Without its pictures, the listing below is to be transcribed exactly.

——

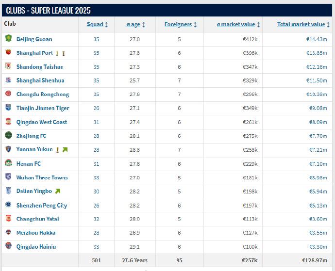 06月19日讯 转会市场网2025年中期中国身价例行更新今天完成,对比上次更新,各俱乐部的身价发生了不少变化。
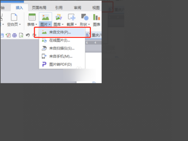 5、在这里选来自文件,也就是从电脑上选择一张图片来插入。
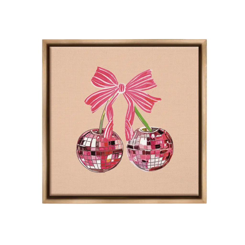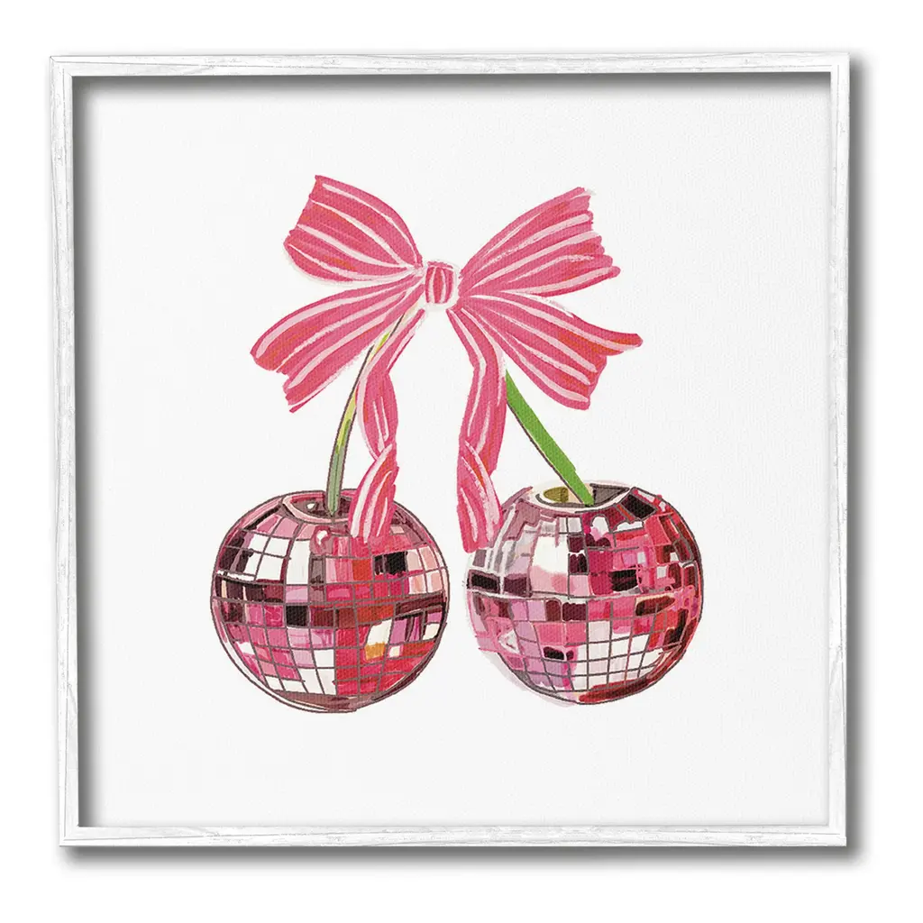 Elevate your home or office to the next level with Stupell Framed Floating Canvas Wall Art. Our premium hand-stretched canvas is mounted securely into a sturdy lightweight frame. The museum-style gap between the wrapped canvas and the box frame gives the illusion of floating artwork. Stupell Wall Art is made in the USA.Features: Dimensions: 18 x 1.7 x 18 Frame, 17 x 1.5 x 17 Canvas ArtFloating Frame Canvas Products are available in sizes 18"x18" and 25"x25". All Floating Frame Canvas Products have a 1.7" Depth.Wall Art is Ready to Hang with Hardware Free Hanging. No Installation required. For Easy Set Up Lean or Layer Artwork on Shelf or Against Wall. Artwork is Permently Fixed into the Frame.Our elevated 1.7" Thick Floating Frame is the perfect complement to our canvas style Wall Art. We use only the highest quality inks in house with industry leading printing solutions. Canvas is hand stretched over a durable wood foundation and then mounted securly into a Modern Box Frame. Made in the USA.Artwork Relates To: Dance, Music, Disco, Pattern, Fruit, Cherry, Geometric, GlamDesign by Amelia Noyes
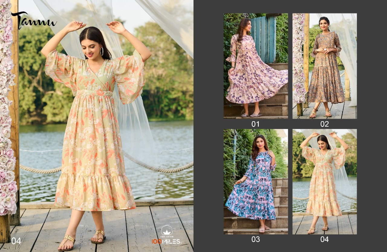 | DETAILS | *Style : Premium georgette *long dress* with *pure cotton inner* and with detailing and flair gathers.Length: *49”-50”*BRAND : 100MILES®️SIZES : M to 2XLPieces: 4 per Bag |
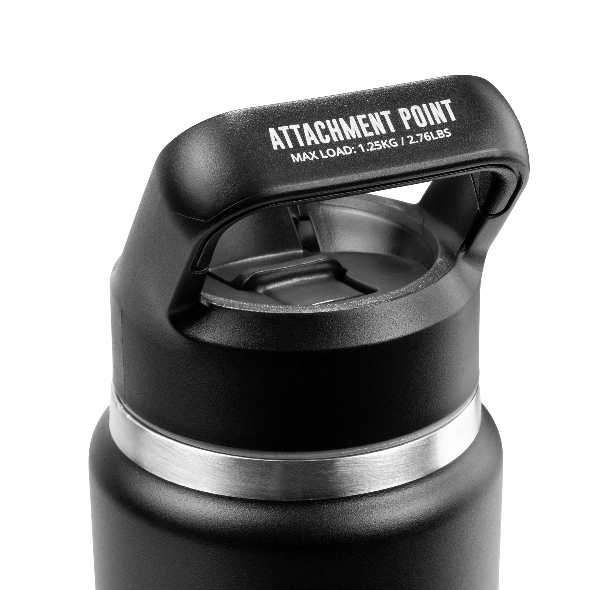 A secure connection point on the top of the lid, this bottle can easily be connected to a tool tether or tool anchor.

——

* Answer to the problem
 06月19日讯 转会市场网2025年中期中国身价例行更新今天完成,对比上次更新,各俱乐部的身价发生了不少变化。
 5、在这里选来自文件,也就是从电脑上选择一张图片来插入。
 Elevate your home or office to the next level with Stupell Framed Floating Canvas Wall Art. Our premium hand-stretched canvas is mounted securely into a sturdy lightweight frame. The museum-style gap between the wrapped canvas and the box frame gives the illusion of floating artwork. Stupell Wall Art is made in the USA.Features: Dimensions: 18 x 1.7 x 18 Frame, 17 x 1.5 x 17 Canvas ArtFloating Frame Canvas Products are available in sizes 18"x18" and 25"x25". All Floating Frame Canvas Products have a 1.7" Depth.Wall Art is Ready to Hang with Hardware Free Hanging. No Installation required. For Easy Set Up Lean or Layer Artwork on Shelf or Against Wall. Artwork is Permently Fixed into the Frame.Our elevated 1.7" Thick Floating Frame is the perfect complement to our canvas style Wall Art. We use only the highest quality inks in house with industry leading printing solutions. Canvas is hand stretched over a durable wood foundation and then mounted securly into a Modern Box Frame. Made in the USA.Artwork Relates To: Dance, Music, Disco, Pattern, Fruit, Cherry, Geometric, GlamDesign by Amelia Noyes
 | DETAILS | *Style : Premium georgette *long dress* with *pure cotton inner* and with detailing and flair gathers.Length: *49”-50”*BRAND : 100MILES®️SIZES : M to 2XLPieces: 4 per Bag |
 A secure connection point on the top of the lid, this bottle can easily be connected to a tool tether or tool anchor.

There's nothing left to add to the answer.